Hi all, I recently tried to switch Bluefield-2 Infiniband DPU from Separated Host Mode to ECPF Mode and had difficulties with OVS startup. My steps are as follows.
I changed INTERNAL_CPU_MODEL to 1 according to DPU OS 3.9.0(Modes of Operation - BlueField DPU OS 3.9.0 - NVIDIA Networking Docs), and checked /etc/ mellanox/mlnx-ovs.conf configuration:
CREATE_OVS_BRIDGES="yes" OVS_BRIDGE1="ovsbr1" OVS_BRIDGE1_PORTS="p0 pf0hpf en3f0pf0sf0" OVS_BRIDGE2="ovsbr2" OVS_BRIDGE2_PORTS="p1 pf1hpf en3f1pf1sf0" OVS_HW_OFFLOAD="yes" OVS_START_TIMEOUT=30
Everything looked fine, then I power cycled the server. Afterwards, I went up to the DPU and checked with
sudo ovs-vsctl showand the result was as follows.

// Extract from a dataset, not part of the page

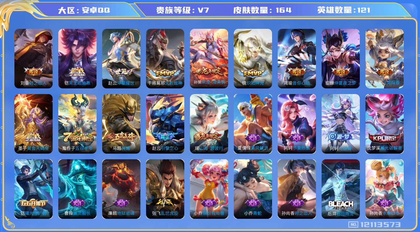 [12113573]V7 10传说 121英雄 164皮肤 可修改实名 优质装备:久胜战神,炽阳神光,仲夏夜之梦(大飞蛾),飞鸢探春,音你心动-周瑜,时之恋人-刘备(电焊工),淬星耀世,黄金天蝎座 传说皮:乘龙·淬吴钩(孙策年限),铠冥王哈迪斯 限定皮:神威(电光马子),山海·碧波行(瑶年限),五谷丰年,引擎之心 史诗皮:化蝶舞,石田雨龙,战舞者,织梦人,特工魅影,千年之狐,冰冠公主,青蛇,蒙恬荣光圣徽,电玩·爆裂旋风,匿光破解者,银翎春语,时之恋人-孙尚香,乱世虎臣,节奏热浪,女仆咖啡,摇滚巨星,水果甜心,星夜王子,心灵骇客,暗隐猎兽者,幽灵船长,鬼剑武藏,心灵战警,舞动绿茵,地狱岩魂,缤纷独角兽,乘风破浪,曙光守护者,唤灵魅影,金属风暴,圣诞狂欢,圣诞恋歌,鹰眼统帅,暗夜贵公子,魅力维加斯,玫瑰异探

0ffc4fa4-fb7a-4e27-afef-4b6d80cd808f ovs_version: "2.15.1-d246dab"
It was empty. Unsuccessful bridging.
Then I tried to reinstall the DPU OS with BFB. My package is DOCA_1.3.0_BSP_3.9.0_Ubuntu_20.04-6.signed. To coordinate with the version on the DPU, I also reinstalled the ofed (184.108.40.206.3) and Bluefield driver for the Host environment. I check /etc/mellanox/mlnx-ovs.conf before power cycling the server with the same result as above and subsequently power cycled the machine.
Nothing changed with ovs, still unsuccessful bridging.
I went through the contents of BlueField DPU OS 3.9.0-Deploying DPU OS Using BFB from Host-Default Ports and OVS Configuration and checked the contents of /etc/modprobe.d/mlnx-bf.conf:
install ib_umad /sbin/modprobe --ignore-install ib_umad $CMDLINE_OPTS && (if [ -x /sbin/mlnx_bf_configure ]; then /sbin/mlnx_bf_configure; fi)
This seems inconsistent with the description of The /sbin/mlnx_bf_configure script runs automatically with mlx5_ib kernel module loaded in the documentation, and I’m not sure if this is the cause of the ovs failure.
I also tried running /sbin/mlnx_bf_configure directly and nothing happens.
mlnx-sf -a showprint nothing but an empty line,
ovs-vsctl showprint results that was the same as before.
In addition to the above, I checked the en3f1pf1sf0 port with the command
ifconfig en3f1pf1sf0and found the error:
en3f1pf1sf0: error fetching interface information: Device not found
Ok, thank you very much for reading this, this is all I have tried to do for this problem, and now there is nothing I can do. Can somebody give me a hand with this? I would like to offer my sincere thanks.
P.S. Our device works fine in Separated Host Mode, so I don’t think it’s a connection or hardware failure, but I welcome your criticism to point out my potential mistakes.